The role of 4-Nitro-pyridine-2-carbonitrile continues to grow as cross-disciplinary research expands. Teams at the intersection of pharmacy, materials science, and green technology increasingly look to building blocks that offer both functionality and reliable sourcing. Regulatory changes and greater transparency across the chemical distribution chain have made users more selective, rewarding suppliers who show respect for safety, environmental impact, and technical support.
Machine learning and data-driven synthesis planning, now more popular in both academic and industrial chemistry, put a premium on high-quality intermediates. Compounds like this fit nicely into automated workflows, given the high reactivity and minimal requirements for troubleshooting. Labs eager to incorporate robotics or high-throughput synthesis tools find themselves gravitating toward molecules that tick all the boxes on reproducibility and cleanliness.
The importance of 4-Nitro-pyridine-2-carbonitrile comes from how it bridges practical needs with ongoing discovery. Researchers working late hours, chasing promising leads in both human and plant health, rely on solid foundations. From my own journey through the world of synthesis chemistry, I’ve seen the compound accelerate hit-to-lead programs and deliver on projects facing tight budgets. Its unique structure, predictable properties, and adaptability to changing methods mark it as a standout among pyridine-based intermediates.
Users, by sharing feedback, have pushed suppliers to focus on quality, transparency, and sustainable practices. Regulatory scrutiny has made the market more consistent, and dialogue between buyers and sellers has improved training, handling, and downstream applications. Across industries, from pharma to advanced manufacturing, improvements in product design and process safety keep raising the bar for specialty chemicals.
A good chemical product does more than fill a shelf or an inventory list—it becomes part of the system that underpins all discovery and development work. 4-Nitro-pyridine-2-carbonitrile brings together reliability, versatility, and a track record in pushing boundaries, whether the goal is to synthesize new drugs, design advanced materials, or accelerate R&D cycles.

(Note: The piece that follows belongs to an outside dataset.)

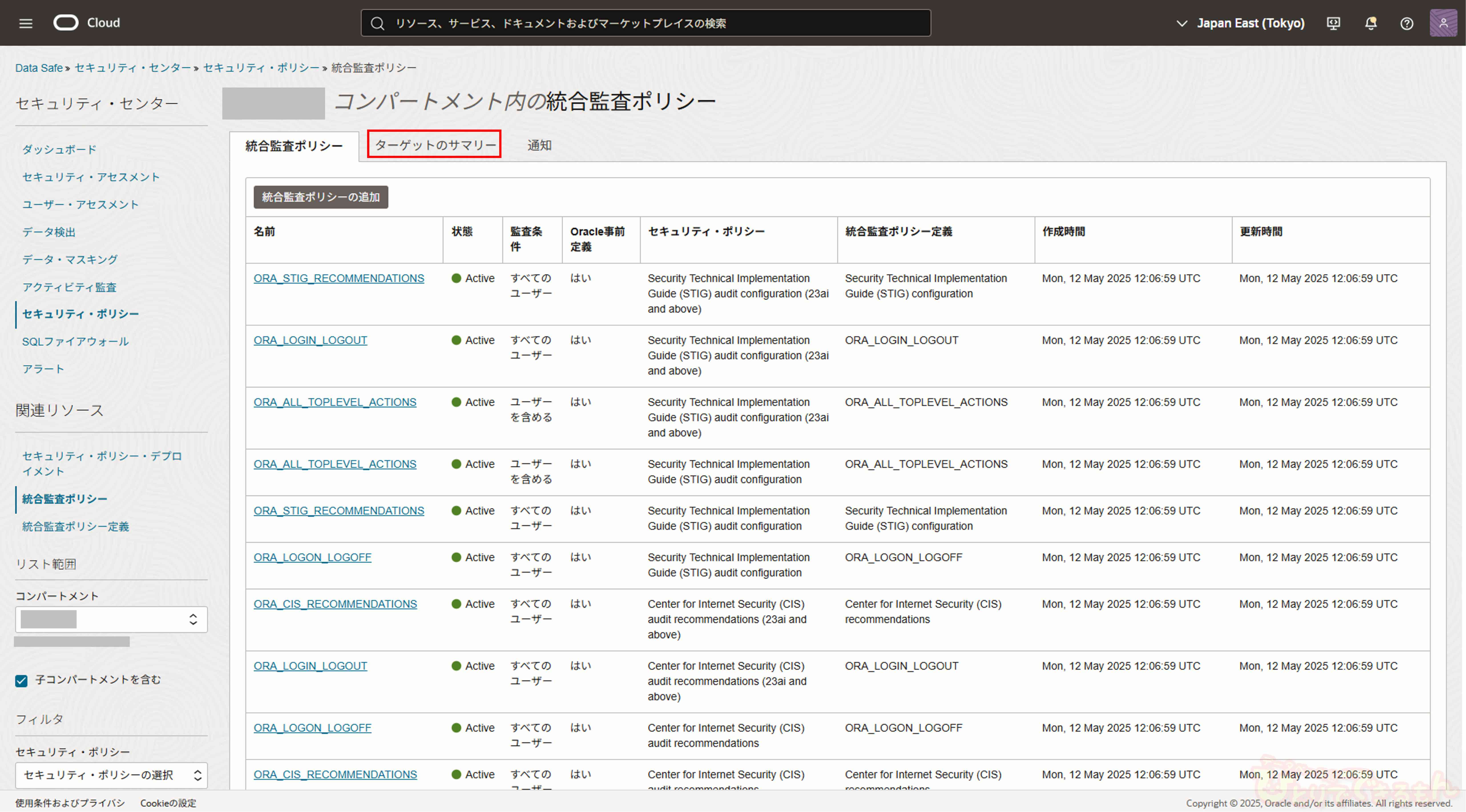 セキュリティ・ポリシーの画面に戻り、関連リソースの「統合監査ポリシー」を選択し、「ターゲットのサマリー」タブを選択します。
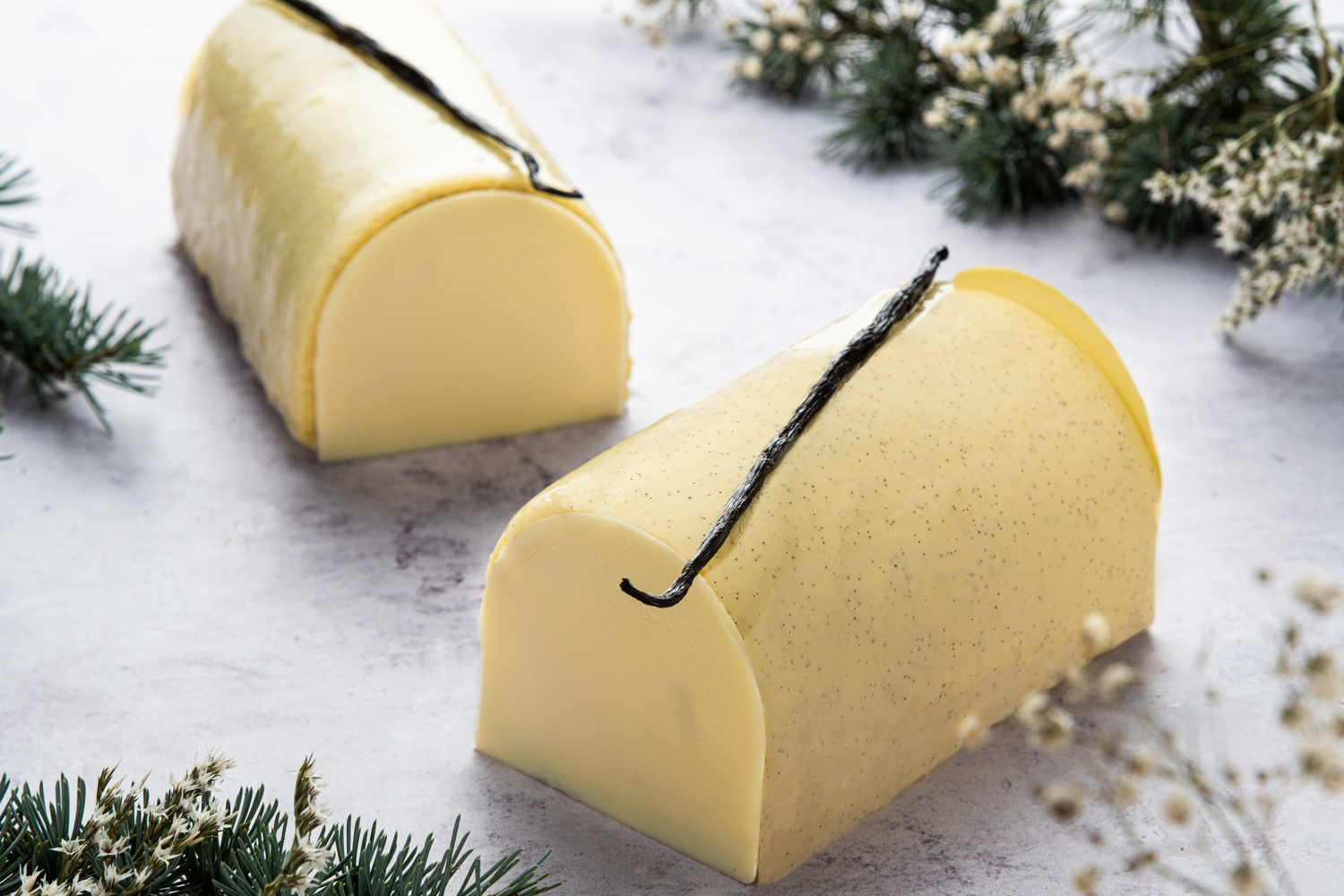 Découvrez un croustillant duja et vanille constituant la base de la bûche, contrastant avec la texture moelleuse d’un biscuit roulé vanille dans lequel est poché un crémeux à la vanille de Madagascar.

Looking ahead, the ongoing dialogue among chemists, manufacturers, and safety professionals continues to raise standards. From student labs to commercial plants, the focus remains on maximizing outcomes, minimizing waste, and upholding the highest standards for people and the planet. Subtle changes in how we source, store, and deploy compounds like 4-Nitro-pyridine-2-carbonitrile ripple through every aspect of the scientific process, continually reshaping the world of modern chemistry.